[Assignment]: Give again only the lines from the line that holds "Nike Grey Tag" to the end of the data, inclusive, omitting all pictures.

[Dataset section — start]

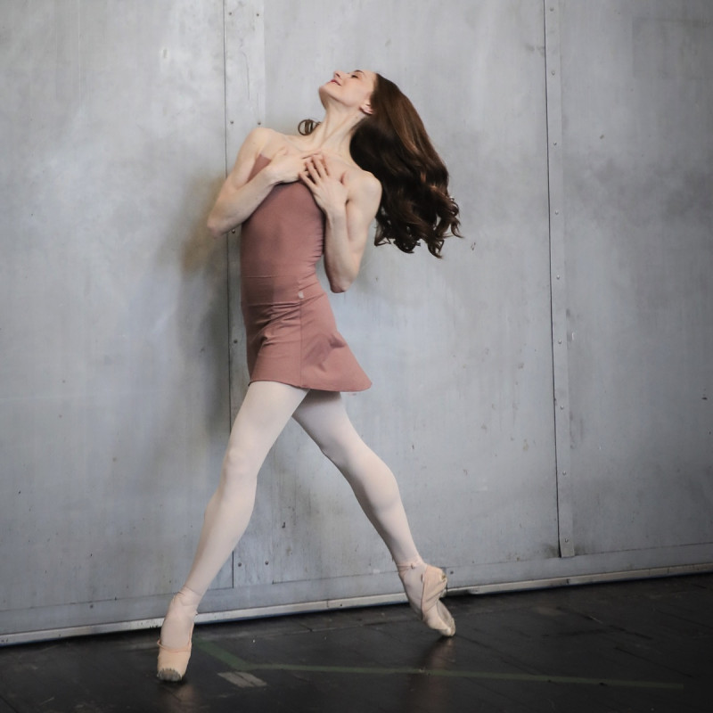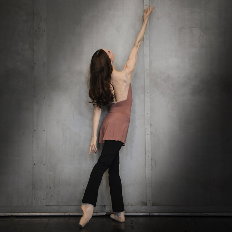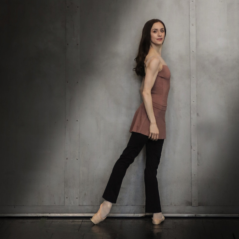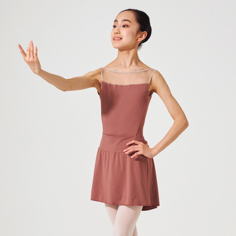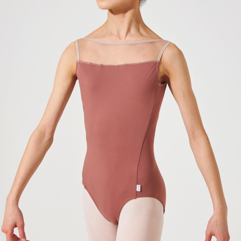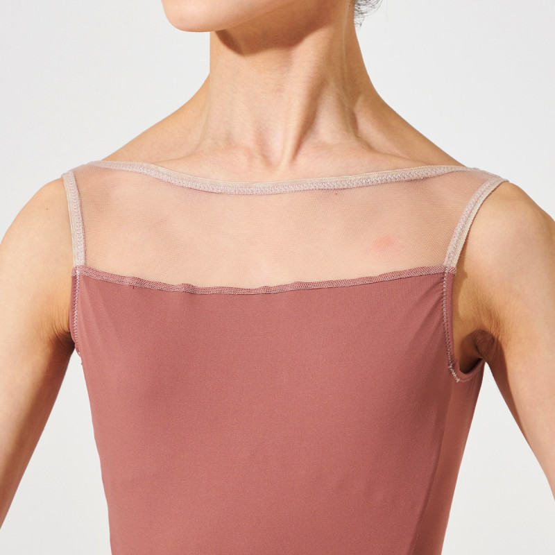 直線的なカットがモダンな印象のネックラインが特徴のノースリーブレオタード
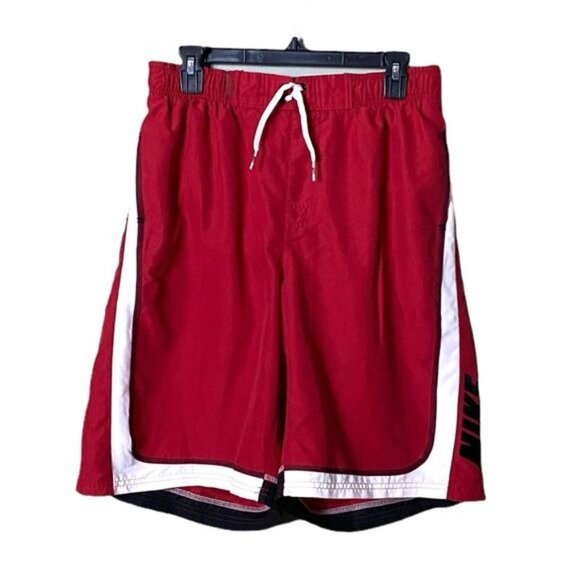 Nike Grey Tag Mens Swim Trunks Size Large Red Black White Drawstring
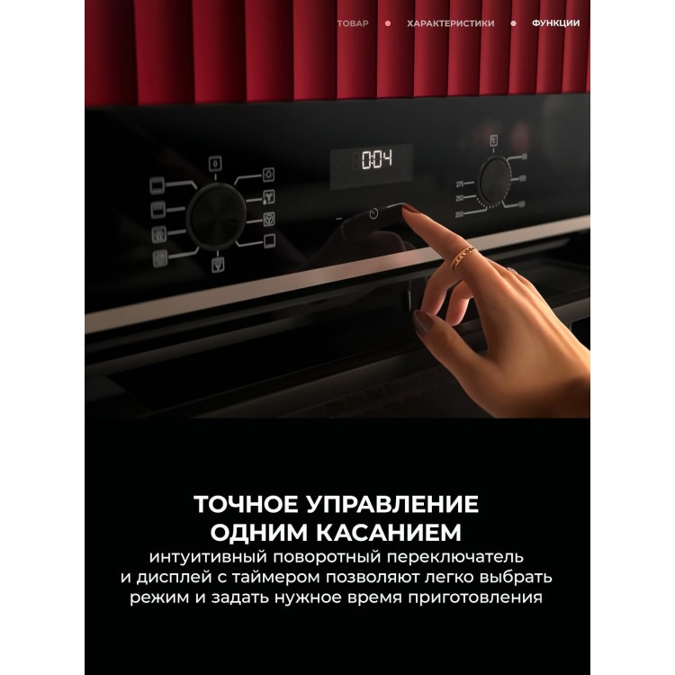 Среди режимов работы — большой гриль, верхний нагрев плюс нижний нагрев, конвекция с паром и другие. Благодаря сенсорному управлению и дисплею, пользоваться духовкой очень просто.
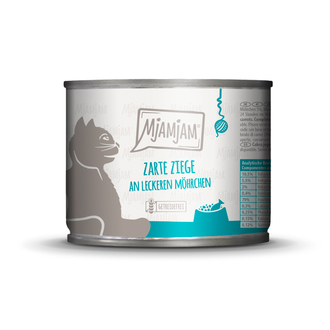 Esta lata de MjAMjAM para gatos es un alimento completo elaborado con cabra como única fuente de proteína animal, acompañado de zanahorias y minerales. Su formulación está pensada para ofrecer una alimentación húmeda de composición clara, con un perfil adaptado a las necesidades del gato adulto.

[Dataset section — finish]

[Response]:
 Nike Grey Tag Mens Swim Trunks Size Large Red Black White Drawstring
 Среди режимов работы — большой гриль, верхний нагрев плюс нижний нагрев, конвекция с паром и другие. Благодаря сенсорному управлению и дисплею, пользоваться духовкой очень просто.
 Esta lata de MjAMjAM para gatos es un alimento completo elaborado con cabra como única fuente de proteína animal, acompañado de zanahorias y minerales. Su formulación está pensada para ofrecer una alimentación húmeda de composición clara, con un perfil adaptado a las necesidades del gato adulto.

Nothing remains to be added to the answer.